_What the task requires_
Please make an exact copy of the listing, without the pictures.

_Provided material_
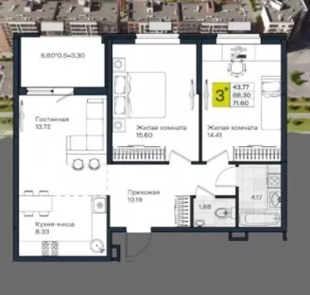 | Жилая площадь | 43.7 |
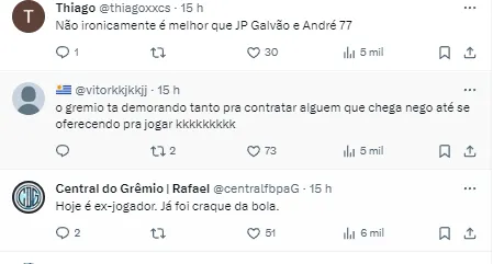 Os dois relataram que é de interesse do atacante, que deixou o Independiente del Valle, do Equador, recentemente quer voltar ao futebol brasileiro. Com isso, ele teria se oferecido para defender o Grêmio.
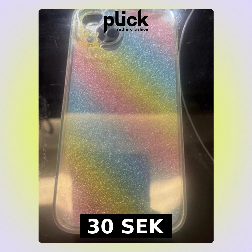 iPhone 15 skal regnbågen färg med glitter. Insidan går att ta bort men är oxå glittrig på sidorna.
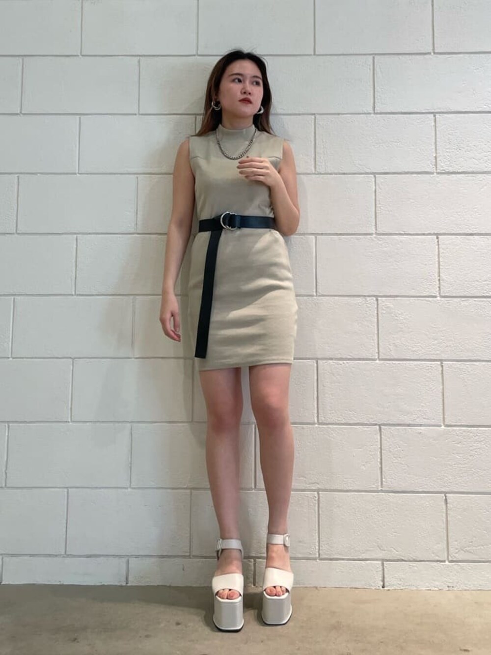 [ カジュアルにミニ丈ワンピコーデ] -onepiece-・リブ素材で着脱しやすい・ボディラインを拾いずらいので下着も気になりにくい・シャツなどを羽織ると春秋でも着回ししやすい -shoes-・24センチでLサイズの着用・傾斜が緩いので長時間歩きやすい・甲の帯の部分が細いので甲が長く見え、足も長く見える -belt-・穴が空いてないので薄めや厚めなど選ばずに着用可能・ウエストマークすることによって腰の位置が高く見え脚長効果に

_Written answer_
 | Жилая площадь | 43.7 |
 Os dois relataram que é de interesse do atacante, que deixou o Independiente del Valle, do Equador, recentemente quer voltar ao futebol brasileiro. Com isso, ele teria se oferecido para defender o Grêmio.
 iPhone 15 skal regnbågen färg med glitter. Insidan går att ta bort men är oxå glittrig på sidorna.
 [ カジュアルにミニ丈ワンピコーデ] -onepiece-・リブ素材で着脱しやすい・ボディラインを拾いずらいので下着も気になりにくい・シャツなどを羽織ると春秋でも着回ししやすい -shoes-・24センチでLサイズの着用・傾斜が緩いので長時間歩きやすい・甲の帯の部分が細いので甲が長く見え、足も長く見える -belt-・穴が空いてないので薄めや厚めなど選ばずに着用可能・ウエストマークすることによって腰の位置が高く見え脚長効果に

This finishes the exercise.